Joar Skalse comments on Towards Guaranteed Safe AI: A Framework for Ensuring Robust and Reliable AI Systems

Joar Skalse 24 May 2024 15:37 UTC
1 point
0
I’m not so convinved of this. Yes, for some complex safety properties, the world model will probably have to be very smart. However, this does not mean that you have to model everything—depending on your safety specification and use case, you may be able to factor out a huge amount of complexity. We know from existing cases that this is true on a small scale—why should it not also be true on a medium or large scale?
For example, with a detailed model of the human body, you may be able to prove whether or not a given chemical could be harmful to ingest.
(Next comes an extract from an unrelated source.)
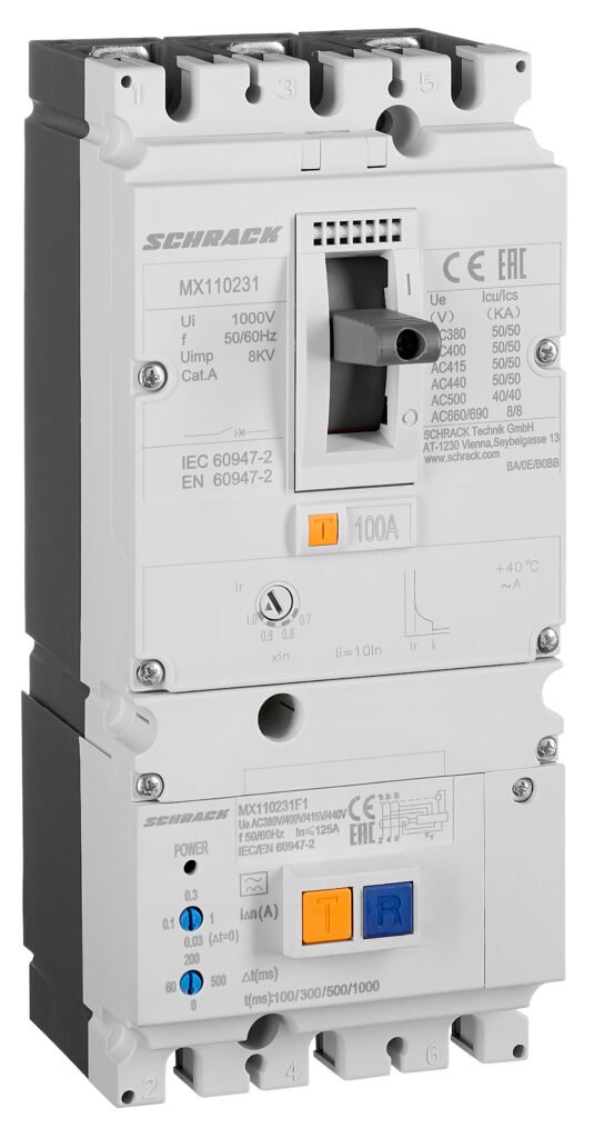 | Auslöseeinheit | Fehlerstromauslöser mit Einstellbereich 0,03A – 0,05A – 0,1A – 0,2A – 0,3A – 0,5A – 1A – 2A |
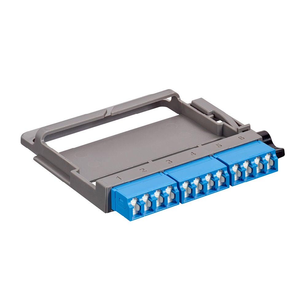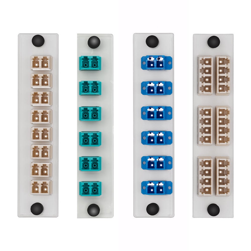 - Optional IP-5x-rated, internal shutters on LC adapters eliminate the need for dust plugs to reduce waste, speed deployment, and ensure safer installation

This cannot be done with current tools, because we don’t have a detailed computational model of the human body (and even if we did, we would not be able to use it for scaleable inference). However, this seems like the kind of thing that could plausibly be created in the not-so-long term using AI tools. And if we had such a model, we could prove many interesting safety properties for e.g. pharmacutical development AIs (even if these AIs know many things that are not covered by this world model).
Suppose you had a world model which was as smart as GPT-3 (but magically interpretable). Do you think this would be useful for something?
I think that would be extremely useful, because it would tell us many things about how to implement cognitive algorithms. But I don’t think it would be very useful for proving safety properties (which I assume was your actual question). GPT-3′s capabilities are wide but shallow, but in most cases, what we would need are capabilities that are narrow but deep.